If a chord, which is not a tangent, of the parabola y²=16x has the equation 2x+y=p, and midpoint (h,k), then which of the following is (are) possible value(s) of p, h and k?

(p-6x)²=16x ⇒p²-8px+4x²=16x ⇒4x²+x(-8p-16)+p²=0 ⇒x₁+x₂=4p+16/4=p+4 ∴h=x₁+x₂/2=p+4/2
y₁+y₂/2=p-6x₁+p-6x₂/2=p-(x₁+x₂) ∴k=p-(p+4)=-4
So, we have to check between options C and D.
Option C: p=6,h=2 ⇒x₁+x₂=2h=4 ⇒k=p-(x₁+x₂)=6-4=2≠-8
Hence, option C is not correct.
Option D: p=2,h=3 ⇒x₁+x₂=2h=6 ⇒k=p-(x₁+x₂)=2-6=-4≠-8
Hence, option D is not correct. Let's re-examine the solution for k.
The midpoint of the chord is (h,k) and the equation of the chord is 2x+y=p. Substituting the midpoint, we get 2h+k=p. Then k=p-2h.
Option A: p=5, h=4, k=-7. Then k = 5 - 2(4) = -3 ≠ -7. Incorrect.
Option B: p=6, h=2, k=-8. Then k = 6 - 2(2) = 2 ≠ -8. Incorrect.
Option C: p=2, h=3, k=-8. Then k = 2 - 2(3) = -4 ≠ -8. Incorrect.
Option D: p=5, h=1, k=-7. Then k = 5 - 2(1) = 3 ≠ -7. Incorrect.
Let's reconsider the derivation of the midpoint.

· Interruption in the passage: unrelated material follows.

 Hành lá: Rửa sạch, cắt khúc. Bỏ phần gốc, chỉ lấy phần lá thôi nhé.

The equation of the chord is y = p - 2x. Substitute into y² = 16x to get (p-2x)² = 16x.
4x² - 4px + p² = 16x
4x² - (4p+16)x + p² = 0
The sum of the roots is x₁ + x₂ = (4p+16)/4 = p+4.

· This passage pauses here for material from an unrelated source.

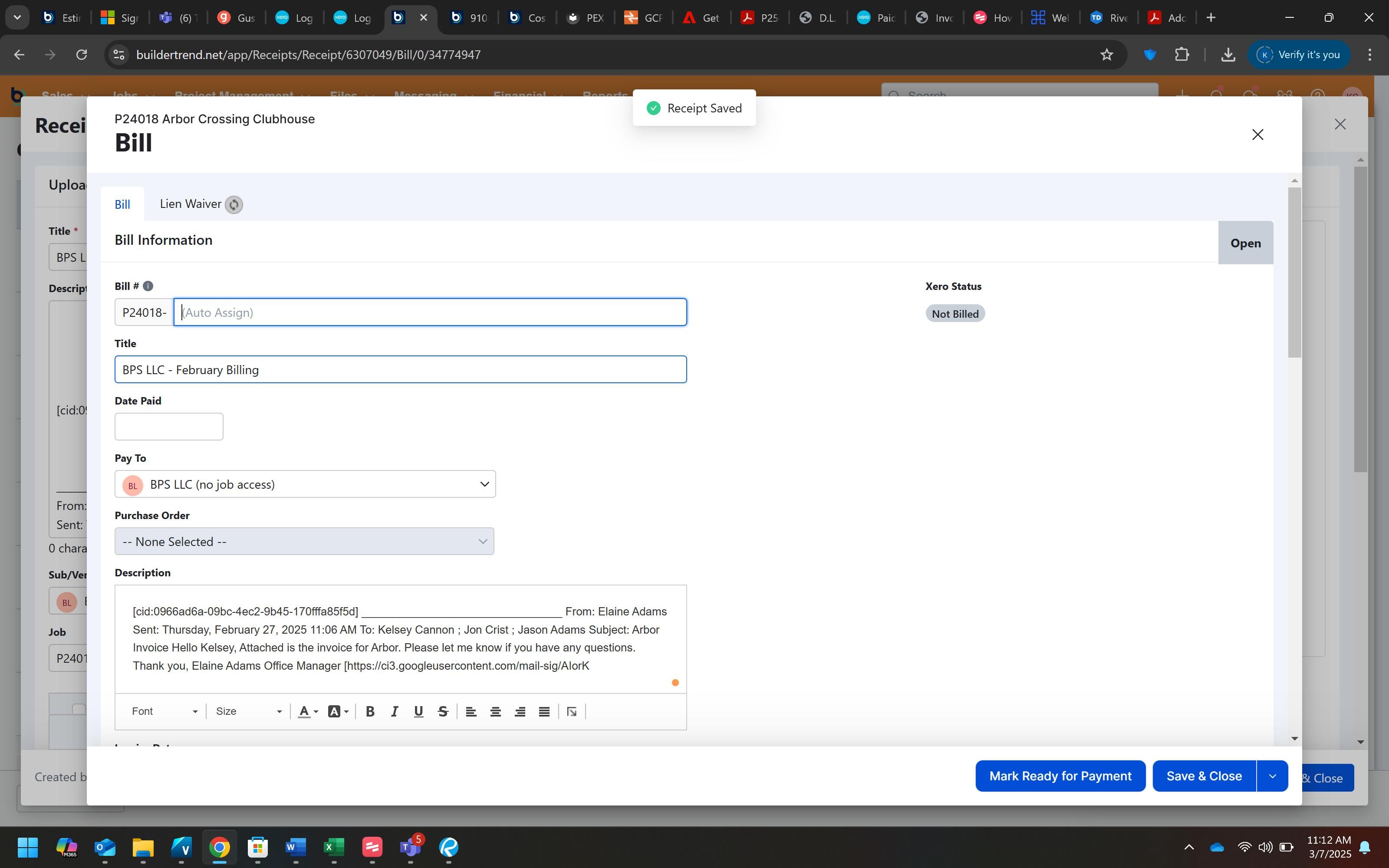 Copy and paste the title to use as the bill number for consistency and tracking.

The midpoint's x coordinate is h = (x₁+x₂)/2 = (p+4)/2.
The midpoint's y coordinate is k = (y₁+y₂)/2 = (p-2x₁+p-2x₂)/2 = p - (x₁+x₂)= p - (p+4) = -4.
Therefore, k = -4 for all options. None of the given options are correct.